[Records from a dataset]
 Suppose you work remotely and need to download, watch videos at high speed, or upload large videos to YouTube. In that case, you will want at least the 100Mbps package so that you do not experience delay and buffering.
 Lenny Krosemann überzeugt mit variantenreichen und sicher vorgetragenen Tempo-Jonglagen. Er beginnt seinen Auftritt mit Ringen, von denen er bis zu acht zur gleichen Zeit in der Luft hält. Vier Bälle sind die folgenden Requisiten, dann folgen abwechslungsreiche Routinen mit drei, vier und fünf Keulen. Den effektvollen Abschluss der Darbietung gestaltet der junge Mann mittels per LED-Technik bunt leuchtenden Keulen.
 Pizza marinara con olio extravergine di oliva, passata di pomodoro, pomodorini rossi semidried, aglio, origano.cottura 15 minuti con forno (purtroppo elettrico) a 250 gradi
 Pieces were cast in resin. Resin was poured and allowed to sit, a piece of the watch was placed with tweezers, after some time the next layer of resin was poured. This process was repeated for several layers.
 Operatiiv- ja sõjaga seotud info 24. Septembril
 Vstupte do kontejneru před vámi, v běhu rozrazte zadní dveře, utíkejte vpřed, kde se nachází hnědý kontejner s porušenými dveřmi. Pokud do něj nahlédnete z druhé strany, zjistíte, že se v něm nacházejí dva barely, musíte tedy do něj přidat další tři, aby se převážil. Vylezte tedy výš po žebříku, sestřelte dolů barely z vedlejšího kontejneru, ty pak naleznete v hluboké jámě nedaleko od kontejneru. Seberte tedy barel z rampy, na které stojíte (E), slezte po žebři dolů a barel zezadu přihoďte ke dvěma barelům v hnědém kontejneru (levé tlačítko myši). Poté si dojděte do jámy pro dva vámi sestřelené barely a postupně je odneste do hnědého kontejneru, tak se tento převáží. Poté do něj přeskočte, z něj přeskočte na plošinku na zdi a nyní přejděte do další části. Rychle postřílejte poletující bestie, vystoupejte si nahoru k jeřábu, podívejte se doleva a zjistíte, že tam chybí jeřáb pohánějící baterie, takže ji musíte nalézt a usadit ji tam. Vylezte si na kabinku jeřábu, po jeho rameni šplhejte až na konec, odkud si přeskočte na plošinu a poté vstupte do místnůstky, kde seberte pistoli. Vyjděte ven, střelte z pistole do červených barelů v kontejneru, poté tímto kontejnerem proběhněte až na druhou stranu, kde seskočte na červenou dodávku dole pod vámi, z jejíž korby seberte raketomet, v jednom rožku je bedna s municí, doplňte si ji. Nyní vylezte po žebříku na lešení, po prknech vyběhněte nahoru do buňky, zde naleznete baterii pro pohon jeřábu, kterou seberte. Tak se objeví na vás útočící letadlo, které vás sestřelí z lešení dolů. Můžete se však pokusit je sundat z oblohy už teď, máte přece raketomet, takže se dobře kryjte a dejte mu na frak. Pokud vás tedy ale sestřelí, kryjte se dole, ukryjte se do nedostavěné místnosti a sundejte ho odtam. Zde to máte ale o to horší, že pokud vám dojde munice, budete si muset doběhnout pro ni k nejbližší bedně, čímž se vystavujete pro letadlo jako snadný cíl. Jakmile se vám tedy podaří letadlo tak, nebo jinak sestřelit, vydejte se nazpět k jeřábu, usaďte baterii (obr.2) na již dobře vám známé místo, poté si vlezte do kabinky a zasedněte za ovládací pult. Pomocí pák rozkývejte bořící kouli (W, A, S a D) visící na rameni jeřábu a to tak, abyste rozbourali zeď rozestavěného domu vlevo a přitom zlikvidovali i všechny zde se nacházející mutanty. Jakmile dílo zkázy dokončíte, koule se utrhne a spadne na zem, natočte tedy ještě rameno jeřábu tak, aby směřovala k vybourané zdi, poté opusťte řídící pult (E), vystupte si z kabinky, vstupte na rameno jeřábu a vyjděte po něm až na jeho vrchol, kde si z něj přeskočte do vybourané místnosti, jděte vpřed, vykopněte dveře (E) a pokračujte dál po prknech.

(Task instructions): Select every line in the records above that contains the word "watch".

(Result for this exercise):
 Suppose you work remotely and need to download, watch videos at high speed, or upload large videos to YouTube. In that case, you will want at least the 100Mbps package so that you do not experience delay and buffering.
 Pieces were cast in resin. Resin was poured and allowed to sit, a piece of the watch was placed with tweezers, after some time the next layer of resin was poured. This process was repeated for several layers.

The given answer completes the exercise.